Consider a scenario where two people are discussing something of dubious detectability.
Unbeknownst to them, halfway through the conversation a scientist on the other side of the world invents a unicorn detector, tachyone detector, etc.
Is the first half of the conversation meaningful and the second half meaningless? What kind of influence travels from the scientists lab?
No, by “mind” I just mean any sort of information processing machine. I would have said “brain”, but you used a more general “entity”, so I went with “mind”. The question of what is and isn’t a mind is not very interesting to me.
Where exactly?
First of all, the meaningfulness of words depends on the observer. “Robot pain” is perfectly meaningful to people with precise definitions of “pain”. So, in the worst case, the “thing” remains meaningless to the people discussing it, and it remains meaningful to the scientist (because you can’t make a detector if you don’t already know what exactly you’re trying to detect).

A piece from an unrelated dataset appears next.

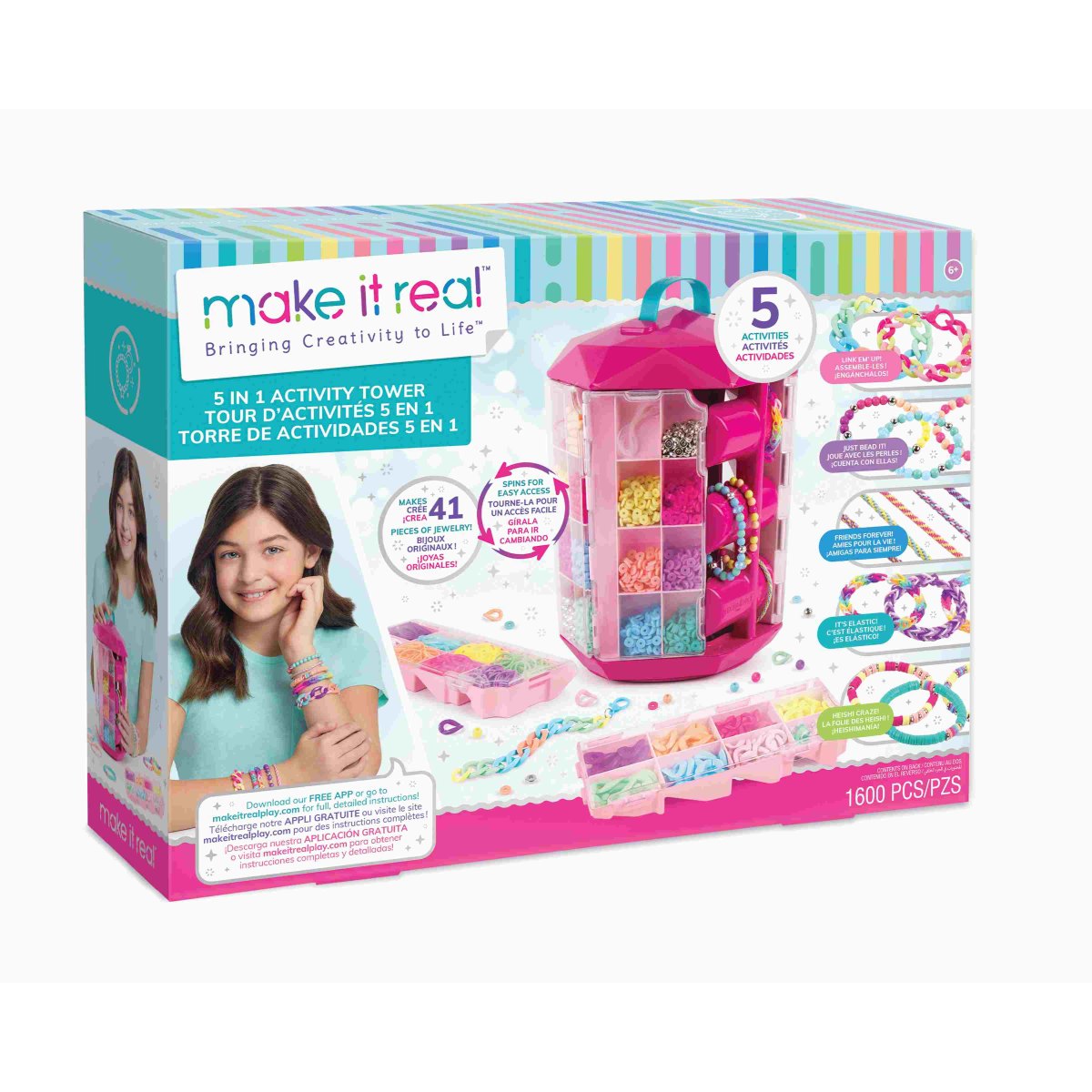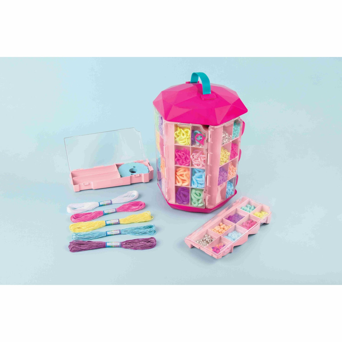 כולל 5 פעילויות תכשיטים נהדרות בפתרון אחסון אחד! המעמד מסתובב לגישה נוחה, בעל תאי אחסון נשלפים ומתלה צמידים להצגת היצירות.

We could then simply say that that the people and the scientist are using the same word for different things.
It’s also possible that the “thing” was meaningful to everyone to begin with. I don’t know what “dubious detectability” is. My bar for meaningfulness isn’t as high as you may think, though. “Robot pain” has to fail very hard so as not to pass it.
The idea that with models of physics, it might sometimes be hard to tell which features are detectable and which are just mathematical machinery, is in general a good one. Problem is that it requires good understanding of the model, which neither of us has. And I don’t expect this sort of poking to cause problems that I couldn’t patch, even in the worst case.
Then you should consider all statements meaningless, without exception, since all of your arguments are made out of statements, and there cannot be an infinite regress of arguments.
That’s cute.
Seriously though, you have a bad habit of taking my rejection of one extreme (that all grammatically correct statements should be assumed meaningful) and interpreting that as the opposite extreme.
Cute or not, it is simply the logical consequence of what you said, which is that you will consider all statements meaningless unless you can argue otherwise.
In reality, you should consider all statements meaningful unless you have a good argument that they are not, and you have provided no such argument for any statement.
I don’t really know why you derive from this that all statements are meaningless. Maybe we disagree about what “meaningless” means? Wikipedia nicely explains that “A meaningless statement posits nothing of substance with which one could agree or disagree”. It’s easy for me to see that “undetectable purple unicorns exist” is a meaningless statement, and yet I have no problems with “it’s raining outside”.
How do you argue why “undetectable purple unicorns exist” is a meaningless statement? Maybe you think that it isn’t, and that we should debate whether they really exist?